For nested joins, the query will run correctly (ie, match the right parent and child documents), however, because TopGroups<TGroupValue> is currently unable to support nesting (each group is not able to hold another TopGroups<TGroupValue>), you are only able to retrieve the TopGroups<TGroupValue> of the first join. The TopGroups<TGroupValue> of the nested joins will not be correct.
See http://lucene.apache.org/core/4_8_0/join/ for a code sample.
ToParentBlockJoinFieldComparer
A field comparer that allows parent documents to be sorted by fields from the nested / child documents.
ToParentBlockJoinFieldComparer.Highest
Concrete implementation of ToParentBlockJoinSortField to sorts the parent docs with the highest values in the child / nested docs first.
ToParentBlockJoinFieldComparer.Lowest
Concrete implementation of ToParentBlockJoinSortField to sorts the parent docs with the lowest values in the child / nested docs first.
ToParentBlockJoinQuery
This query requires that you index children and parent docs as a single block, using the AddDocuments(IEnumerable<IEnumerable<IIndexableField>>, Analyzer) or UpdateDocuments(Term, IEnumerable<IEnumerable<IIndexableField>>, Analyzer) API. In each block, the child documents must appear first, ending with the parent document.
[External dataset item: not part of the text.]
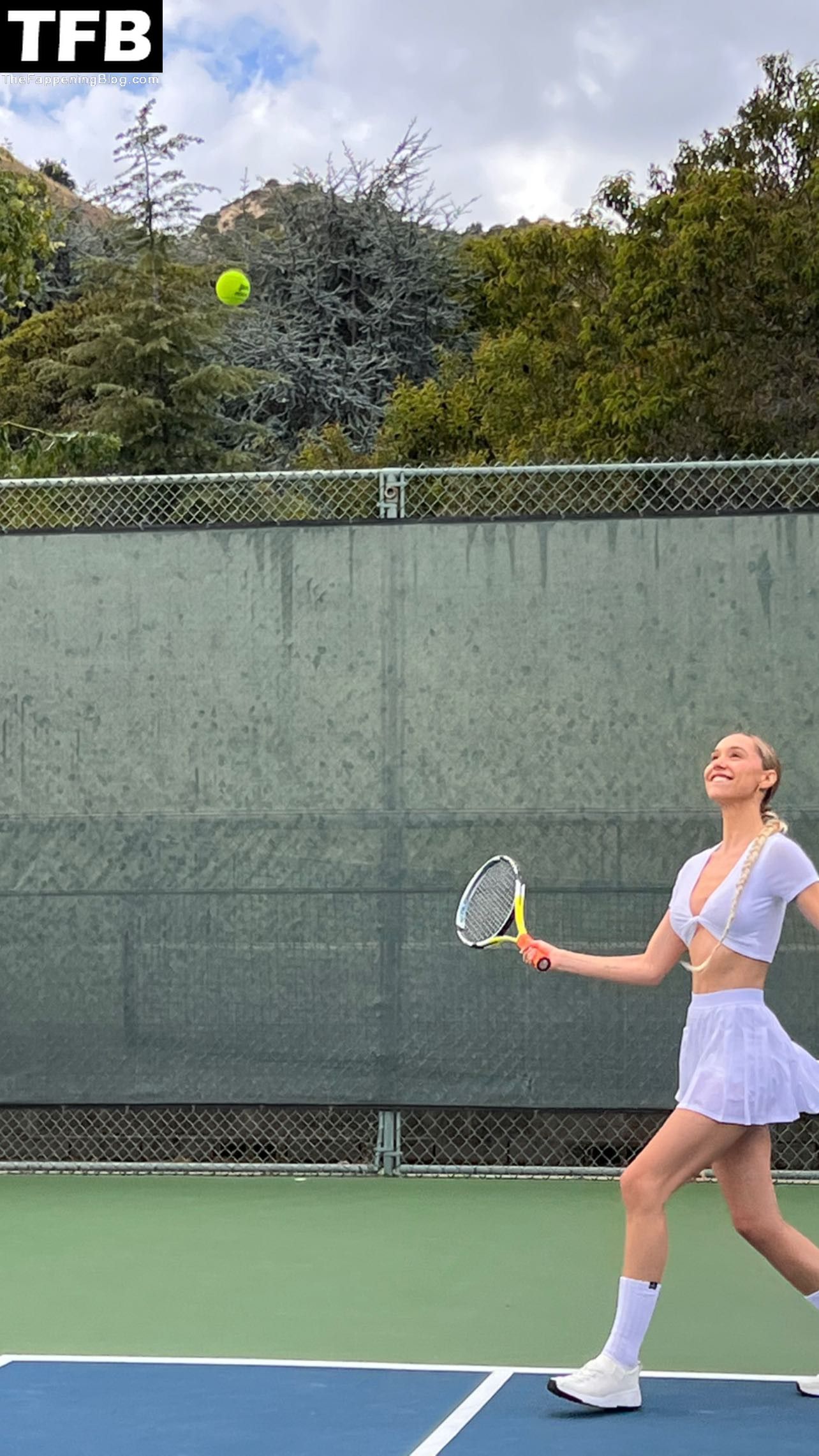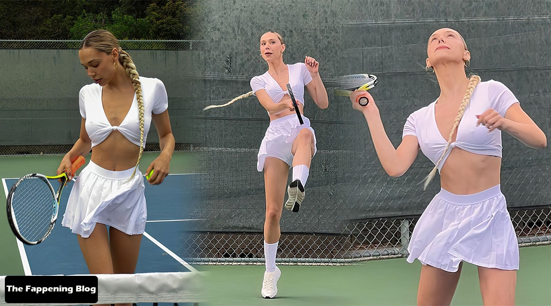 Alexis Ren posa sin sostén, mostrando sus pechos y cameltoe en una nueva sesión de fotos para alo en una cancha de tenis – Instagram (abril de 2022).

At search time you provide a Filter identifying the parents, however this Filter must provide an FixedBitSet per sub-reader.
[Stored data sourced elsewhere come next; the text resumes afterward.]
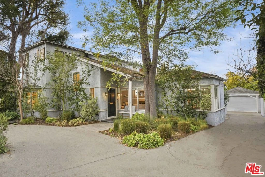 Style, form and function come together beautifully in this 1930s California Contemporary sited in the most sought after neighborhood in Valley Village: An idyllic, vibrant tree lined community and wonderful place to call home! With an expansive circular drive and a lush fusion of floral and greenery, the home's exterior offers wonderful curb appeal and bids a warm welcome. Inside, the light-filled flexible floorplan provides gracious transition from room to room with a unique symmetry of classic period details with the design and amenities ideally suited for today's contemporary lifestyle. Beautiful detailed moldings, warm refinished wood floors, dual fireplaces, brick, beadboard and wainscoting all contribute to a serene sense of home. The crisp bright kitchen features a convenient breakfast nook. The dining room lends itself ideally to formal and informal friend and family gatherings. Baths feature fine lighting, fixtures and finishes. From the vaulted, skylit family room and bonus room, glass atrium doors bring the outdoors in and give way to an idyllic, relaxing backyard oasis replete with stone terrace, fountain, pergola and expansive pool and spa. The ideal venue for the coveted California lifestyle of relaxed al fresco leisure. Four bedrooms with three baths round out the comfortable accommodations. Highlights include whole house fan, dual HVAC, recessed lights, speaker system, and detached, 2-car garage with bonus room! Located on a picturesque, tree lined street in the award winning Colfax Charter School District (ranked 9th best charter school in California!) and just moments from beloved Valley Village Park, NBC, CBS, Disney, Warner Bros. and Universal Studios, and the famed NoHo Arts District. Welcome!
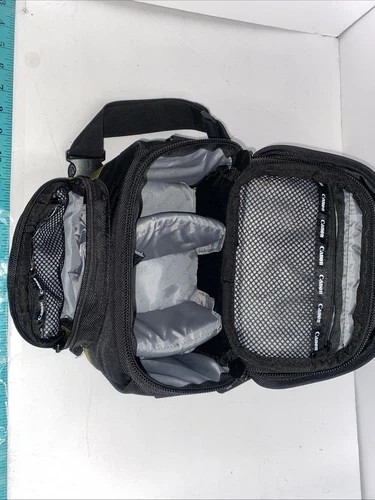 The Canon EOS 100ES Carry Shoulder Bag in black is a durable nylon bag designed specifically for Canon camera models such as the EOS 60D, 70D, and Rebel T5I. It features a padded shoulder strap for added comfort and can hold a standard camera, camcorder, flash, and lens accessories. The bag is water-resistant and includes an adjustable strap, making it a practical choice for photographers on the go. It is suitable for various Canon camera series and is a reliable option for carrying your camera equipment securely.
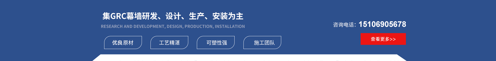 • 是一家集GRC幕墻研發(fā)、設(shè)計、生產(chǎn)、安裝為主,融GRG、GRP等新型建筑材料創(chuàng)新應(yīng)用為一體的技術(shù)企業(yè)。
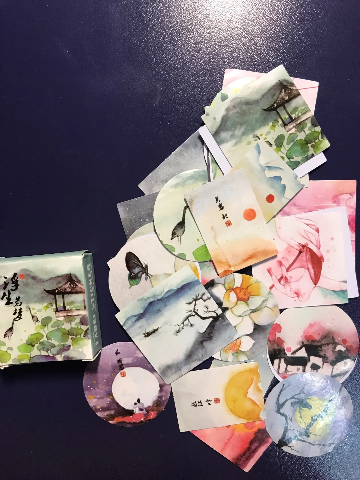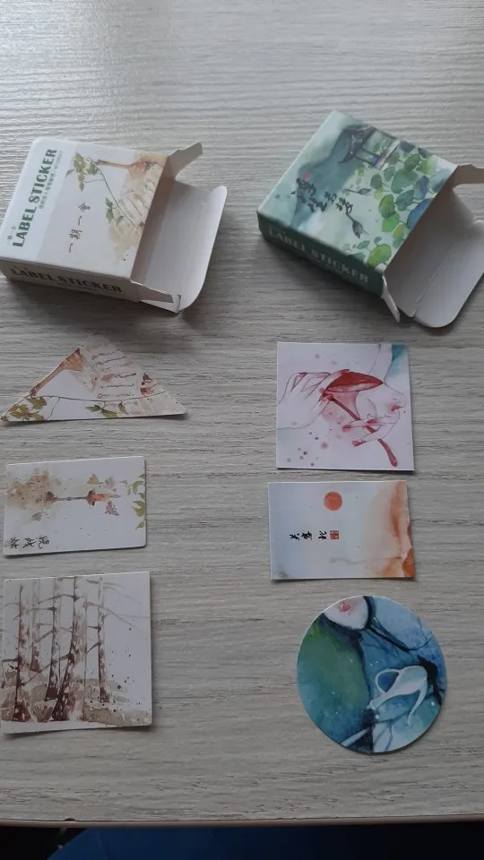 Очень красивые, атмосферные наклейки. Я просто поражаюсь их красоте. Если честно, то думала они будут немного больше, но, такие даже лучше, их можно лепить в дневник, ежедневник, тетрадь. Качество супер, как мини-картины, даже жаль использовать, всем советую, не пожалеете!

Once the block index is built, use this query to wrap any sub-query matching only child docs and join matches in that child document space up to the parent document space. You can then use this Query as a clause with other queries in the parent document space.
See ToChildBlockJoinQuery if you need to join in the reverse order.
The child documents must be orthogonal to the parent documents: the wrapped child query must never return a parent document.
If you'd like to retrieve ITopGroups<TGroupValue> for the resulting query, use the ToParentBlockJoinCollector. Note that this is not necessary, ie, if you simply want to collect the parent documents and don't need to see which child documents matched under that parent, then you can use any collector.
NOTE: If the overall query contains parent-only matches, for example you OR a parent-only query with a joined child-only query, then the resulting collected documents will be correct, however the ITopGroups<TGroupValue> you get from ToParentBlockJoinCollector will not contain every child for parents that had matched.
See http://lucene.apache.org/core/4_8_0/join/ for an overview.
ToParentBlockJoinSortField
A special sort field that allows sorting parent docs based on nested / child level fields. Based on the sort order it either takes the document with the lowest or highest field value into account.
Enums
ScoreMode
How to aggregate multiple child hit scores into a single parent score.